Istilah “negara pembangkang” sebelumnya lazim digunakan dalam wacana Amerika Serikat sebagai bentuk hukuman dan cap terhadap negara-negara yang ingin ditekan oleh Washington. AS menggunakan istilah itu untuk negara-negara yang dianggap bermusuhan terhadap perdamaian dan menentang kebijakan tatanan internasional. Hampir semua presiden AS menggunakannya terhadap lawan-lawannya — baik Uni Soviet, Iran, maupun Korea Utara. Namun kini, istilah itu justru melekat pada sekutu terpenting AS, yaitu Israel.
Selain istilah Rogue State, muncul pula istilah “negara terbuang” (Pariah State), yang berarti negara yang mengalami isolasi diplomatik dan penghinaan moral yang luas di tingkat internasional karena melanggar hukum internasional dan melakukan kejahatan perang. Sepanjang tahun 2024 dan 2025, istilah ini semakin sering digunakan untuk menggambarkan negara pendudukan Israel.

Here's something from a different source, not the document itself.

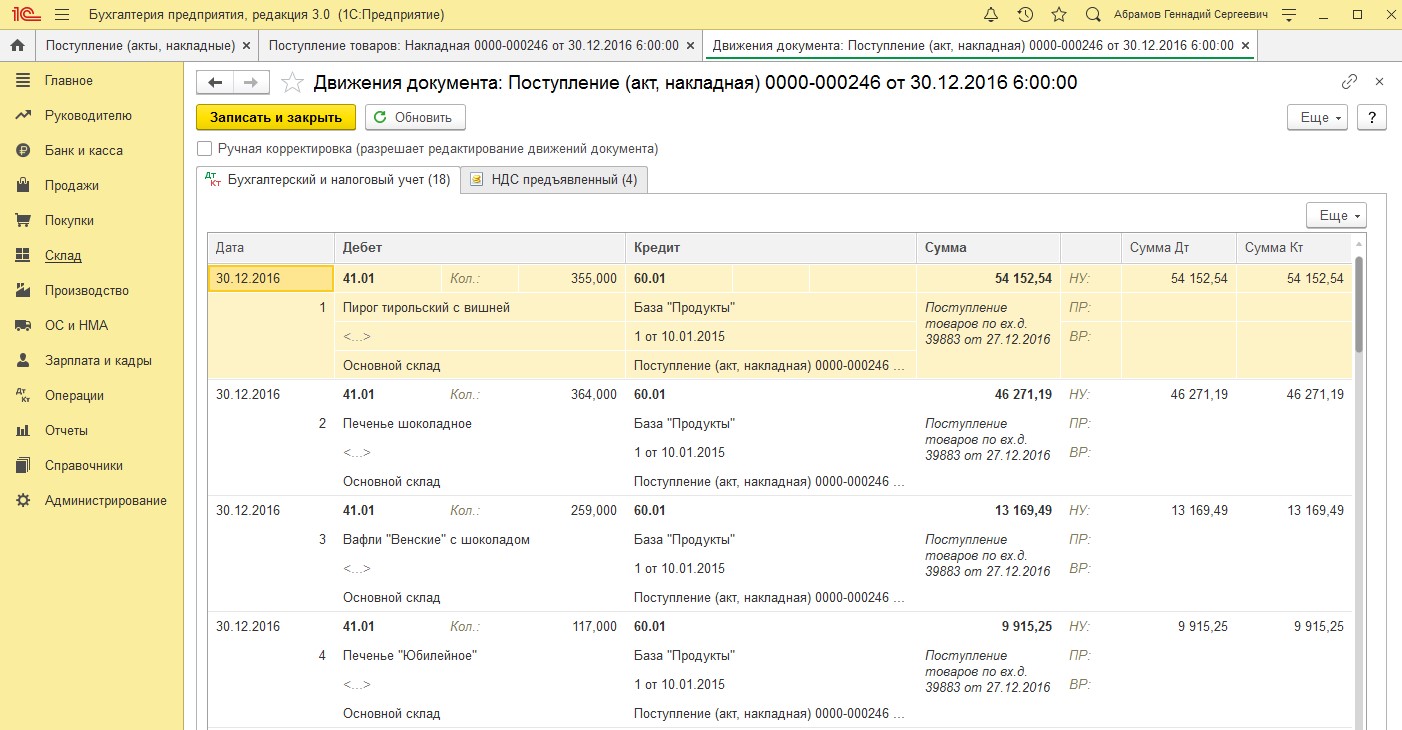 Кнопка «Провести» проводит документ, т.е. формирует движения, которые регистрируются этим документом. Например, выбранный нами документ регистрирует покупку сахарного песка. Если документ провести, то информация о закупе сахарного песка окажется на складе. Если не провести - ее там не будет.

Hal yang penting di sini adalah bahwa sebuah negara atau entitas tidak dengan mudah menjadi negara pembangkang atau terbuang. Proses ini kompleks dan biasanya memakan waktu panjang. Namun dalam kasus Israel, perubahan pandangan dunia dari negara “demokratis dan maju” menjadi negara pembangkang dan terbuang terjadi dengan sangat cepat — lebih cepat daripada kemampuannya untuk menghadapinya.